Everything below from the line with "Dès votre arrivée, une" through the line with "ハードウェアの組み合わせによ" should be copied exactly, and nothing else; leave out the pictures.

▸ **Source material**:
Content starts

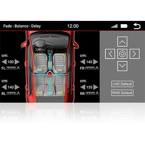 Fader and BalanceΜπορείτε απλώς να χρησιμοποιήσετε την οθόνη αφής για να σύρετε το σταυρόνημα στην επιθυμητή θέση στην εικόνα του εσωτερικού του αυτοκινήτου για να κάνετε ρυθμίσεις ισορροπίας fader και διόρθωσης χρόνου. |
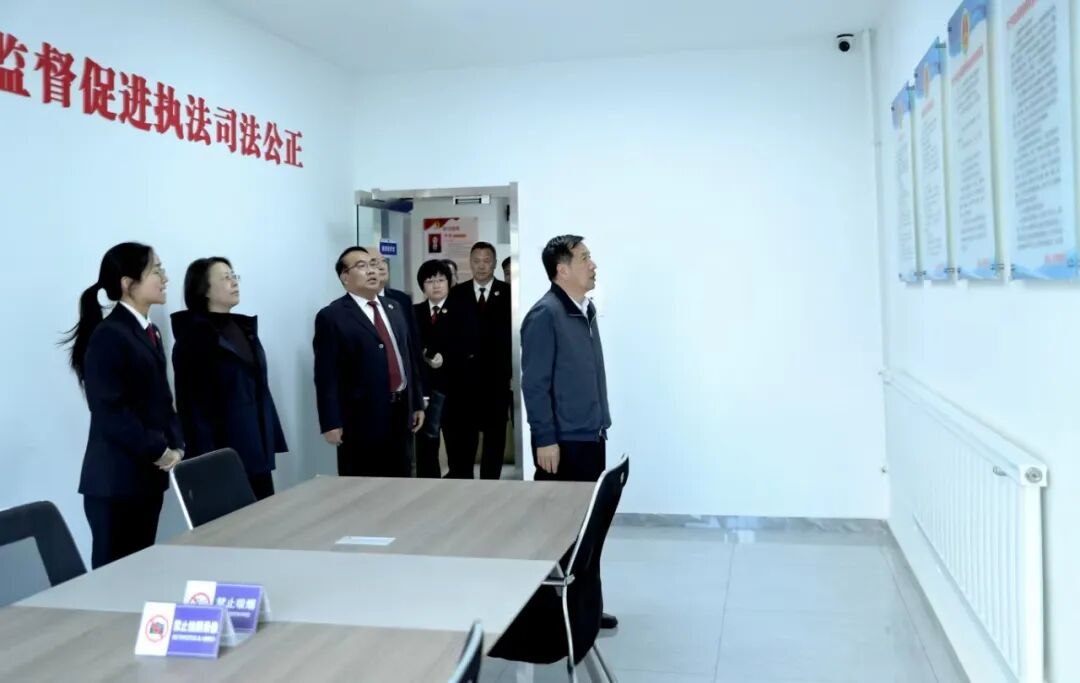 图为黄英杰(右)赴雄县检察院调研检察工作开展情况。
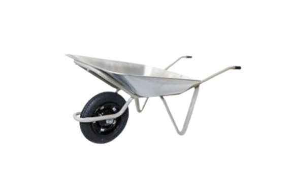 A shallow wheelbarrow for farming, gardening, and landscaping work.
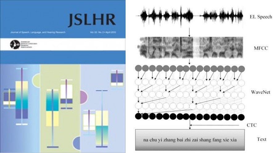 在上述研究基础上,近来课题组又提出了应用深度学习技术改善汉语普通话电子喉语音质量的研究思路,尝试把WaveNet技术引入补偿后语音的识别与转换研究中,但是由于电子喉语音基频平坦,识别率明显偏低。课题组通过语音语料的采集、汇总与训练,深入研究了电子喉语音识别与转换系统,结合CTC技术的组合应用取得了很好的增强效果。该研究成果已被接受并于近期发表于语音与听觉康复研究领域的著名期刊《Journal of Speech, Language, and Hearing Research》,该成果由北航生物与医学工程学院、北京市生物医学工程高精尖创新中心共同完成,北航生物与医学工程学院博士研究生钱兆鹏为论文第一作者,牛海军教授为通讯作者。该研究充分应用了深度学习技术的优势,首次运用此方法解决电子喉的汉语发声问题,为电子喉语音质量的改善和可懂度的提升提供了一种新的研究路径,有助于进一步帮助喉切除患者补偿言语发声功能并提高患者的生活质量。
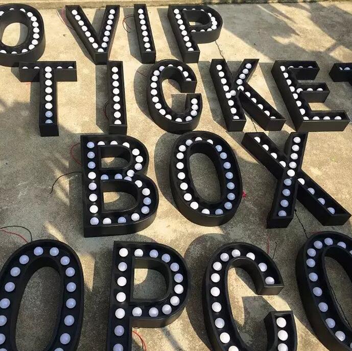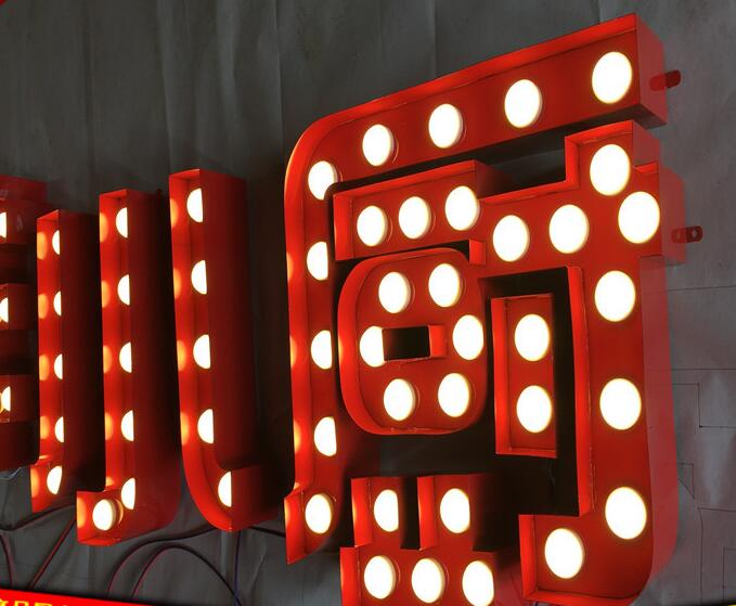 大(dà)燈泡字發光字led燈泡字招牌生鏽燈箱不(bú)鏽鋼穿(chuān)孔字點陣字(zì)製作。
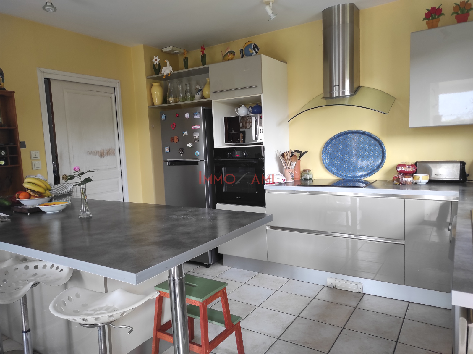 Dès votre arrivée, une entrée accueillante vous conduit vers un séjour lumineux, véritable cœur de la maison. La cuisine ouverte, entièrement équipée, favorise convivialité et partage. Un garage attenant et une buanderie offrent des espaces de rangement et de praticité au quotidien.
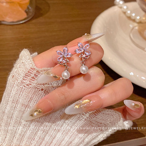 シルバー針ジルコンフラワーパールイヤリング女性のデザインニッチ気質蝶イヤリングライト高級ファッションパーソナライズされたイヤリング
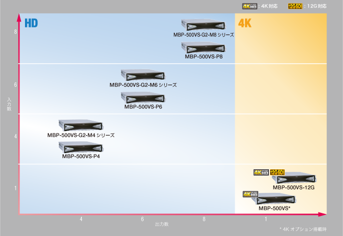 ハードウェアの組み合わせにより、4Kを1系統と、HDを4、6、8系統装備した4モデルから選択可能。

Content ends
Content starts

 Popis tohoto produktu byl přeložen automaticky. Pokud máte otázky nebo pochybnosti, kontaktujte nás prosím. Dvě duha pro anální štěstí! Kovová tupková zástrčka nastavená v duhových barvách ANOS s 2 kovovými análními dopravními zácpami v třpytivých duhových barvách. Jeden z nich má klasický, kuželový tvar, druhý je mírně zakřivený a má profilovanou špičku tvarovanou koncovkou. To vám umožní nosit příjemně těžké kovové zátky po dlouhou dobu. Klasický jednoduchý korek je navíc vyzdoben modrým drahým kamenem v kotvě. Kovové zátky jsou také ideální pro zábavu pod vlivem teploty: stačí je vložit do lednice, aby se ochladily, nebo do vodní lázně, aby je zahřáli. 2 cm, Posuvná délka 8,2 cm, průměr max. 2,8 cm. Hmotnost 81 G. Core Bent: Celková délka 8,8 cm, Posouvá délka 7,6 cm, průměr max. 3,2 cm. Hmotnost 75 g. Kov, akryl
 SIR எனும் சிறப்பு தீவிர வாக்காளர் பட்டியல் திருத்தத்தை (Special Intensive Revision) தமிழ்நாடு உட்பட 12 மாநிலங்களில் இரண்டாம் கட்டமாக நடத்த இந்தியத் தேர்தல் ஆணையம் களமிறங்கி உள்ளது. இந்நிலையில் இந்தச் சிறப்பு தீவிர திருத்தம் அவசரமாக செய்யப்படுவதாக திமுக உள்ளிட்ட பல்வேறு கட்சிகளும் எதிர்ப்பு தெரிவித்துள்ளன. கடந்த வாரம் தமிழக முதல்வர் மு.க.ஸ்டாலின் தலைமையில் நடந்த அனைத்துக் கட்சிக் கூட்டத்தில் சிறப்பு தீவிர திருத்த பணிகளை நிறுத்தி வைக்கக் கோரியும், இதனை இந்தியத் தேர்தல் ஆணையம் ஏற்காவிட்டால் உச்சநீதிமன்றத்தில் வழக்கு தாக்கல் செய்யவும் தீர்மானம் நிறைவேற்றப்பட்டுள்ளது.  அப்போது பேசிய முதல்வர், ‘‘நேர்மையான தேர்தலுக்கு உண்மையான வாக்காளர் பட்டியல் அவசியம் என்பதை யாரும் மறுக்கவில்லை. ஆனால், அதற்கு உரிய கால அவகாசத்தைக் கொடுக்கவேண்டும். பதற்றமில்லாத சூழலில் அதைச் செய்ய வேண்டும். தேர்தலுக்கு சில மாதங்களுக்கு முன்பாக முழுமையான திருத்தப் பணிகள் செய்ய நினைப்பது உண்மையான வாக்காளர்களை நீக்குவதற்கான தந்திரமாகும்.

Content ends

▸ **Answer for this exercise**:
 Dès votre arrivée, une entrée accueillante vous conduit vers un séjour lumineux, véritable cœur de la maison. La cuisine ouverte, entièrement équipée, favorise convivialité et partage. Un garage attenant et une buanderie offrent des espaces de rangement et de praticité au quotidien.
 シルバー針ジルコンフラワーパールイヤリング女性のデザインニッチ気質蝶イヤリングライト高級ファッションパーソナライズされたイヤリング
 ハードウェアの組み合わせにより、4Kを1系統と、HDを4、6、8系統装備した4モデルから選択可能。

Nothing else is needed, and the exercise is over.